La première consiste à prétendre que cette croissance sera constante. Les démographes un tant soit peu sérieux l’affirme clairement: la pyramide des âges n’est pas homogène. Cela signifie en gros qu’après un maximum dû au «baby boom» ce facteur régressera.


La seconde consiste comme d’habitude à considérer un seul facteur d’un système et à déduire un résultat en bloquant les autres termes. C’est une hérésie du point de vue mathématique, mais de cela les propagandistes de ces affirmations l’ignore pour la plus part. Leur démarche est plutôt motivée par leur idéologie: celle-ci impose le refus absolu de considérer qu’un partie quelconque de la croissance de la productivité aille aux salaires.

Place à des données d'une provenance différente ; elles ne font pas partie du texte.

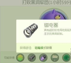 其实,卡磁电圈没有什么教程的,有的只是小编的一些心得,那就是开圣殿魔盒,基本上圣殿魔盒开出来的都是磁电圈,而且数量还不少,大概有3个左右,数量也还是不错,而且你打猎魔模式,一般掉落的圣衣材料,也多半是这个,所以总的说来,磁电圈还真的是比较容易获得的,球宝们自己也感觉到了吧。

Or cette croissance de la productivité est, dans les pays industrialisés, de loin supérieur à celle de la croissance démographique. Ce rapport est encore plus grand si l’on considère la croissance dans les secteurs de production primaire et secondaire1. Cela signifie que même avec un ratio «non-productif»/actif croissant le volume de production de richesses concrètes croît. Et il faut même ajouter que cette dernière croissance est écologiquement insoutenable. L’horizon envisagé pour les prévisions dans cette question est situé vers 2040. En considérant une croissance nette minimaliste des productions matérielles de 3% cela conduit à une multiplication par 3 des volumes produits2. Imaginons, en 2040, 3 fois plus de produits alimentaires, de voitures, de téléviseurs et de gadgets. Que faire de nos poubelles! Pour que nos sociétés industrielles ne détruisent pas son substrat: la terre, il faut donc le volume d’activité humaine consacrée à la production matériel diminue.


Cette conclusion n’est évidemment pas compatible avec le néo-libéralisme ni même avec aucunes formes du capitalisme et surtout pas la forme financière que nous nous laissons imposer faute de solidarité.

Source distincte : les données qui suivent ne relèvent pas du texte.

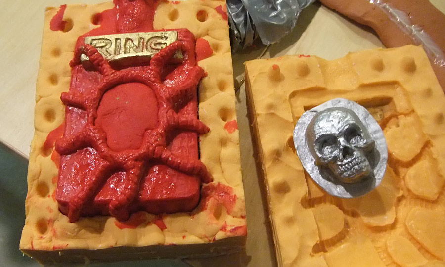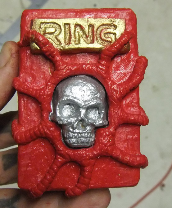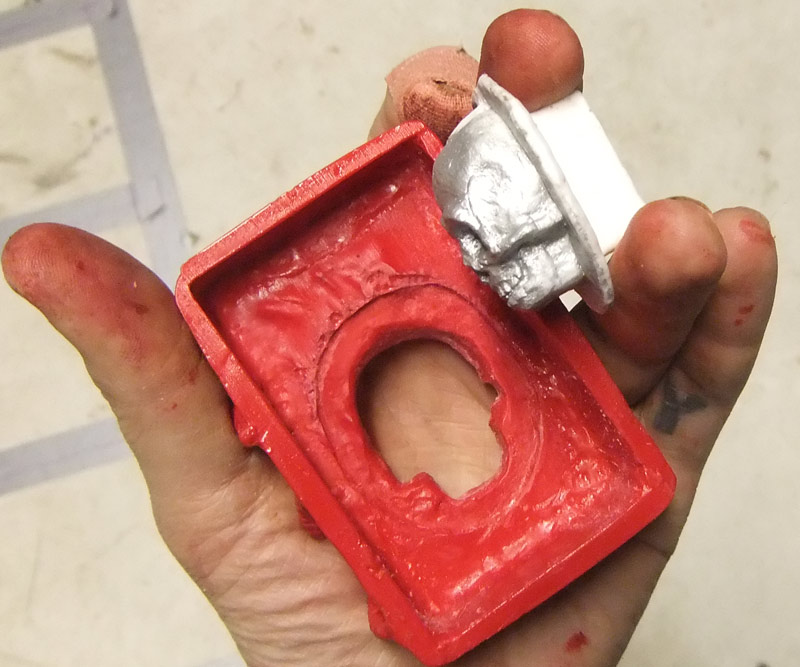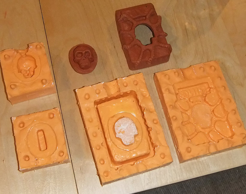 As some of you may recall, ages ago I made a wooden doorbell enclosure because our studio’s bell button does not have a cover and looks like the sort of thing that might electrocute a delivery dude. Well, I lollygagged on installing it and it sat in a box by the front door for many months and was eventually lost so it was never installed. So over the last couple of days I made a new one by sculpting it in clay and then making a nice two part mold out of silicone, and casting it in hard plastic and then painting it. In hindsight I am thinking I might have been better off just leaving it in plain plastic (maybe with the skull lighting up) but it’s easy enough to cast another one if I want to change it — and if anyone is really desperate for one, they cost me cents to make and I’m happy to make more.

A nouveau il faut rappeler qu’il n’est pas réaliste de chercher une solution à un problème réel perçu au sein d’un système sans considérer sont impacte sur le tout. Cette pratique analytique surannée est au mieux stupide au pire démagogique.

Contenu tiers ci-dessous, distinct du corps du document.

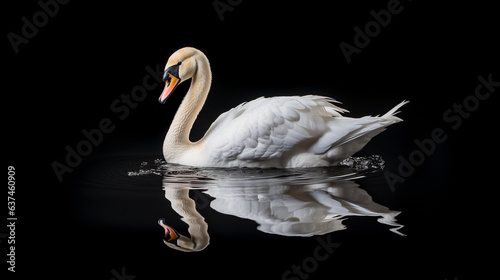 © ArturSniezhyn, Fototapeta premium Beautiful white swan on a dark background, soft light.
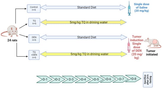 Experimental design. Twenty-four rats were divided into 4 groups (n = 6). Group 1 (negative control group): the rats had a regular diet and received saline ip on the 8th day. Group 2 (TQ group): Received TQ for 7 days at a dose of 5 mg/kg/day in their drinking water. Group 3 (DEN control): received a standard diet for 7 days. Group 4 (DEN + TQ): Received TQ (5 mg/kg/day) in their drinking water for 7 days. Both group 3 & 4 had DEN ip on the 8th day at a dose of 200 mg/kg.

Sur le plateau du Larzac, José Bové a réaffirmé qu’un autre monde est possible. Mais il a ajouté qu’il «faudra que nous changions notre relation à la consommation,… notre relation à l’environnement,…». J’ajoute qu’il nous faut changer notre relation à l’argent, la richesse et au pouvoir, trois facettes d’un égocentrisme meurtrier.


Jacques SILBERSTEIN

  1. Le secteur primaire comprend l’agriculture et les matières premiéres. Le secondaire est produit par les industries en aval qui transforme les sources primaires en produits dit manufacturés.
  2. La formule est (1 + t/100)^n; t est le taux en % ici: 3; n est le nombre d’années.